What you produce should be the lines from the line containing "Teleflora pedestal cream-color" through the last line below, both ends included, reproduced exactly and without pictures.

### GIVEN INFORMATION

╔══

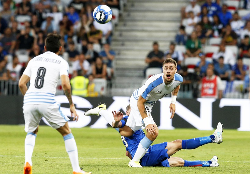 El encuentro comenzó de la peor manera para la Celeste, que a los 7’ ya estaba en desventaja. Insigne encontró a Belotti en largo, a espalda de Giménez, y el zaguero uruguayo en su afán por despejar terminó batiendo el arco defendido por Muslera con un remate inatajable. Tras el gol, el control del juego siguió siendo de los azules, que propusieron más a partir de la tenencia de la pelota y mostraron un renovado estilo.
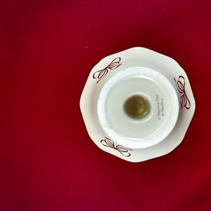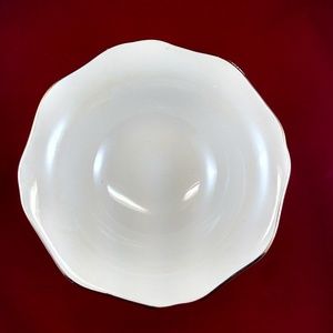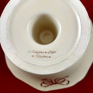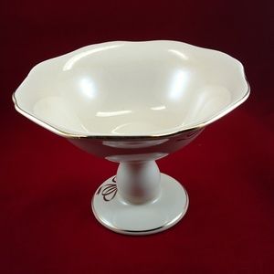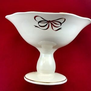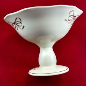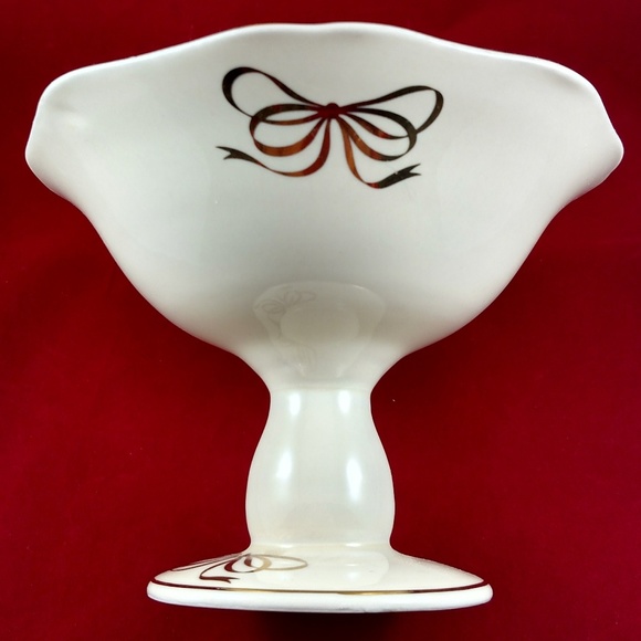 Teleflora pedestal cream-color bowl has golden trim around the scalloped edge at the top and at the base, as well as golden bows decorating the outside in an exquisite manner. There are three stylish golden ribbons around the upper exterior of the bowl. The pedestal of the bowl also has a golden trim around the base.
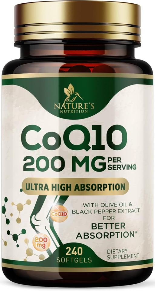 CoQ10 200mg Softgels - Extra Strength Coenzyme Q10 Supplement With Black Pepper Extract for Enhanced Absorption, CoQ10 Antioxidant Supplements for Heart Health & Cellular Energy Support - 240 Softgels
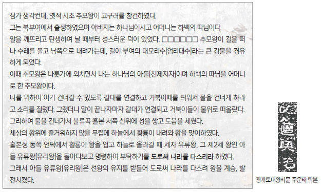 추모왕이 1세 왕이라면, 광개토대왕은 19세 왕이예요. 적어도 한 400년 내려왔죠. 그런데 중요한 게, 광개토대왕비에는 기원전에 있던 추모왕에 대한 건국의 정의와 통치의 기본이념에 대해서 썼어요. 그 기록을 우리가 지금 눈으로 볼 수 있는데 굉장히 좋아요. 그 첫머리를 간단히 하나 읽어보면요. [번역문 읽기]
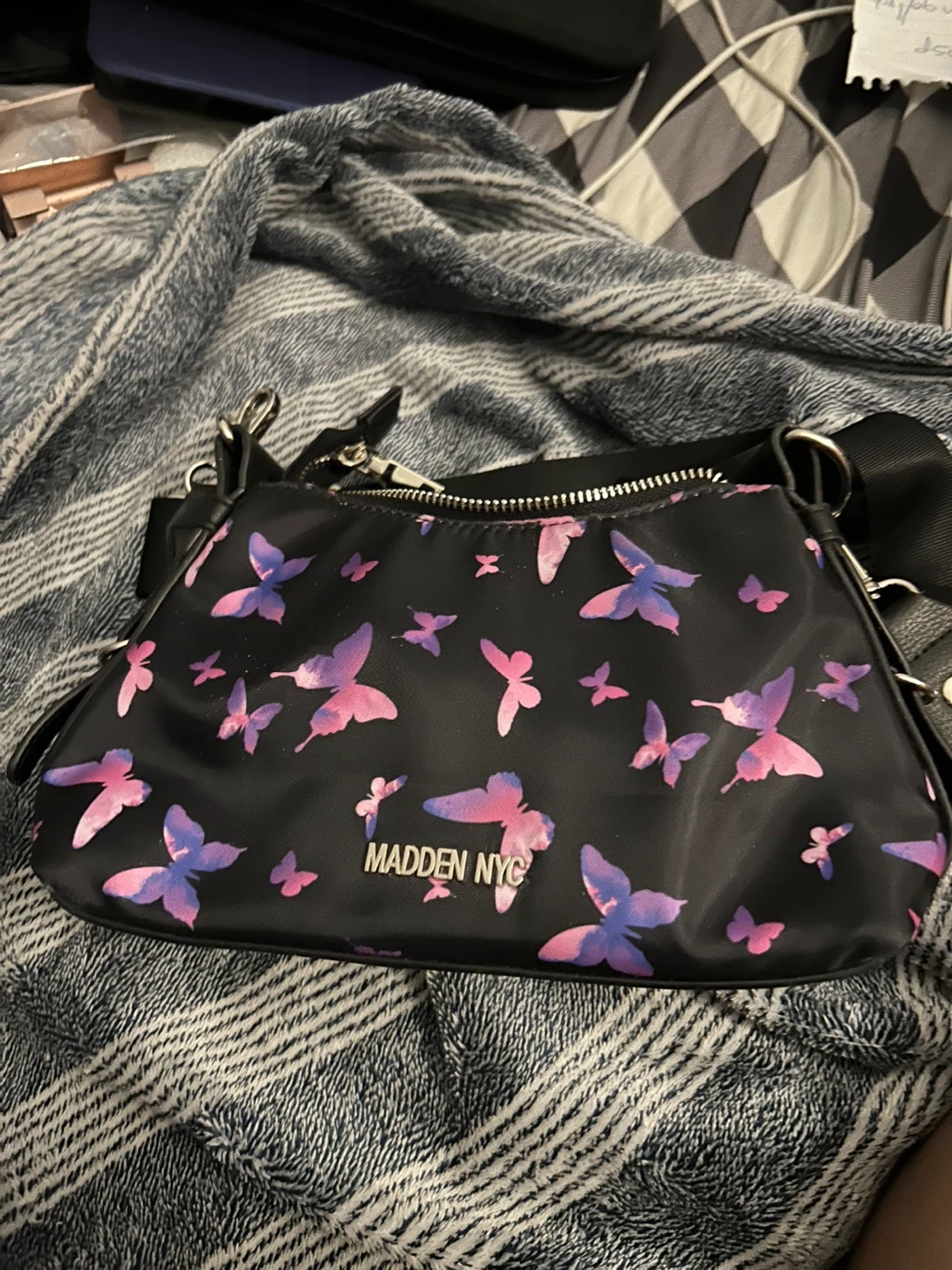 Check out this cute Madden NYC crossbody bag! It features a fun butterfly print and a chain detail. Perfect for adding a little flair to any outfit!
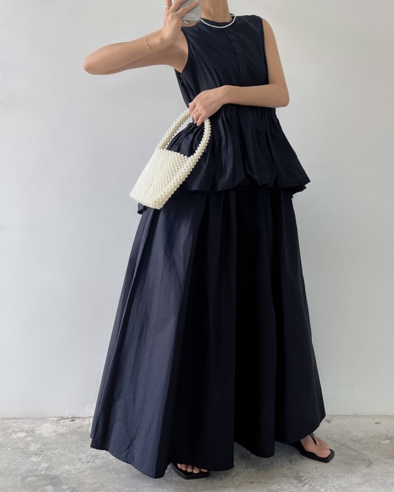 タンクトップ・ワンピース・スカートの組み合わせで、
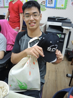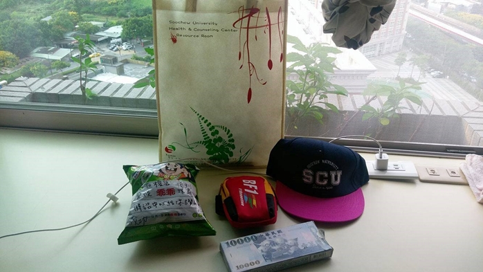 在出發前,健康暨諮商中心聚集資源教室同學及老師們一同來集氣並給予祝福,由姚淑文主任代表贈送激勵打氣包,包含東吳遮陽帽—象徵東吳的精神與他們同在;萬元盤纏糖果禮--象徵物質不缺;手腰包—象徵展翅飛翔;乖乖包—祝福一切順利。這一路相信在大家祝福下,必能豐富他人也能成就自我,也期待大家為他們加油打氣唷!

╚══

### TASK RESULT
 Teleflora pedestal cream-color bowl has golden trim around the scalloped edge at the top and at the base, as well as golden bows decorating the outside in an exquisite manner. There are three stylish golden ribbons around the upper exterior of the bowl. The pedestal of the bowl also has a golden trim around the base.
 CoQ10 200mg Softgels - Extra Strength Coenzyme Q10 Supplement With Black Pepper Extract for Enhanced Absorption, CoQ10 Antioxidant Supplements for Heart Health & Cellular Energy Support - 240 Softgels
 추모왕이 1세 왕이라면, 광개토대왕은 19세 왕이예요. 적어도 한 400년 내려왔죠. 그런데 중요한 게, 광개토대왕비에는 기원전에 있던 추모왕에 대한 건국의 정의와 통치의 기본이념에 대해서 썼어요. 그 기록을 우리가 지금 눈으로 볼 수 있는데 굉장히 좋아요. 그 첫머리를 간단히 하나 읽어보면요. [번역문 읽기]
 Check out this cute Madden NYC crossbody bag! It features a fun butterfly print and a chain detail. Perfect for adding a little flair to any outfit!
 タンクトップ・ワンピース・スカートの組み合わせで、
 在出發前,健康暨諮商中心聚集資源教室同學及老師們一同來集氣並給予祝福,由姚淑文主任代表贈送激勵打氣包,包含東吳遮陽帽—象徵東吳的精神與他們同在;萬元盤纏糖果禮--象徵物質不缺;手腰包—象徵展翅飛翔;乖乖包—祝福一切順利。這一路相信在大家祝福下,必能豐富他人也能成就自我,也期待大家為他們加油打氣唷!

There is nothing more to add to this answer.